**Exercise brief**: Repeat exactly the line that contains "Farm, 但对不起,今天是最后一天,还赶的及的朋友还可以去一去, 不能够的话就下一年咯~" and every line after it, down to the last line of the entries below. Do not include pictures.

**Source records**:
*****

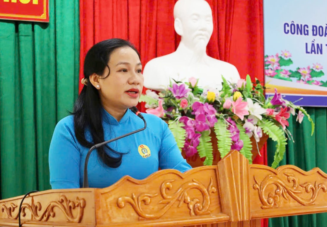 Đồng chí Phan Thị Mai Hoa -Phó Trưởng ban công đoàn khu kinh tế, LĐLĐ tỉnh phát biểu chỉ đạo Đại hội
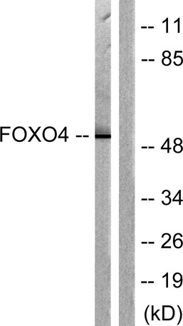 The antiserum was produced against synthesized peptide derived from human FOXO4. AA range:417-466
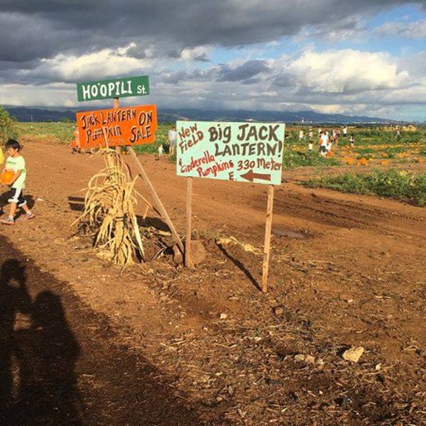 10月31号是西方的万圣节,就是我们说的鬼节 我们中国的鬼节都会选择留在家中, 而西方的鬼节就会很热闹,很多人都会在家门外放满棺木、蜘蛛丝、骷髅头等等。 而夏威夷每年的十月份都会办一个万圣节南瓜园,吸引很多人来玩。 南瓜园有两个,一个在东岸Waimanalo, 另一个就是我昨天去的,位于西岸的Aloun Farm, 但对不起,今天是最后一天,还赶的及的朋友还可以去一去, 不能够的话就下一年咯~ 入场费每人3块,免费停车。 早上8点半开始,到5点关门。 如果早上去就要戴帽子、墨镜、还有防晒, 像我很晚才去的,就不用咯, 有一片鸟云一直跟着我,虽然拍出来不太好看, 但是却省了我不少防晒霜 还可以去农场摘玉米、自己选自已摘!哈哈我就不太会选所以就算了!
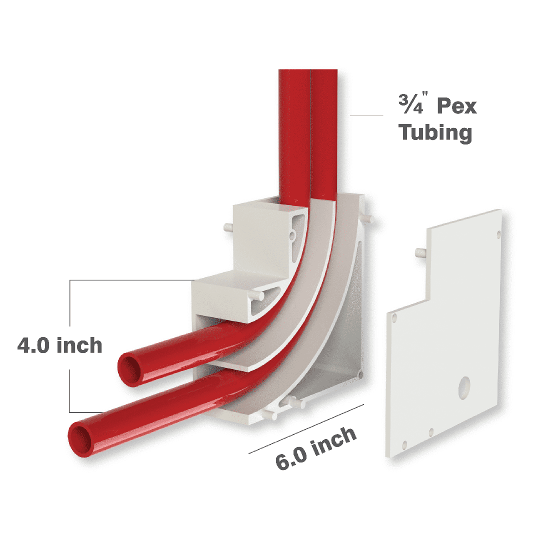 - Maintains a larger bend radius than manufacturers’ recommended minimum for 3⁄4” and smaller PEX tubing
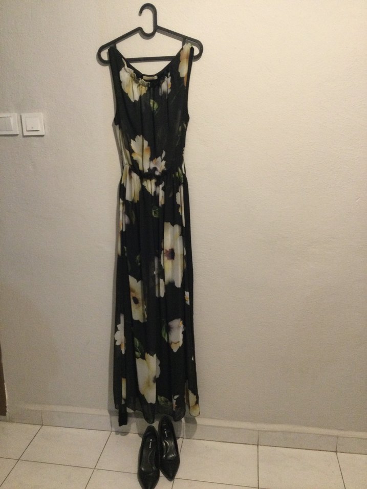 Siyah Askısız Uzun Bohem Elbise

*****

**Task result**:
 10月31号是西方的万圣节,就是我们说的鬼节 我们中国的鬼节都会选择留在家中, 而西方的鬼节就会很热闹,很多人都会在家门外放满棺木、蜘蛛丝、骷髅头等等。 而夏威夷每年的十月份都会办一个万圣节南瓜园,吸引很多人来玩。 南瓜园有两个,一个在东岸Waimanalo, 另一个就是我昨天去的,位于西岸的Aloun Farm, 但对不起,今天是最后一天,还赶的及的朋友还可以去一去, 不能够的话就下一年咯~ 入场费每人3块,免费停车。 早上8点半开始,到5点关门。 如果早上去就要戴帽子、墨镜、还有防晒, 像我很晚才去的,就不用咯, 有一片鸟云一直跟着我,虽然拍出来不太好看, 但是却省了我不少防晒霜 还可以去农场摘玉米、自己选自已摘!哈哈我就不太会选所以就算了!
 - Maintains a larger bend radius than manufacturers’ recommended minimum for 3⁄4” and smaller PEX tubing
 Siyah Askısız Uzun Bohem Elbise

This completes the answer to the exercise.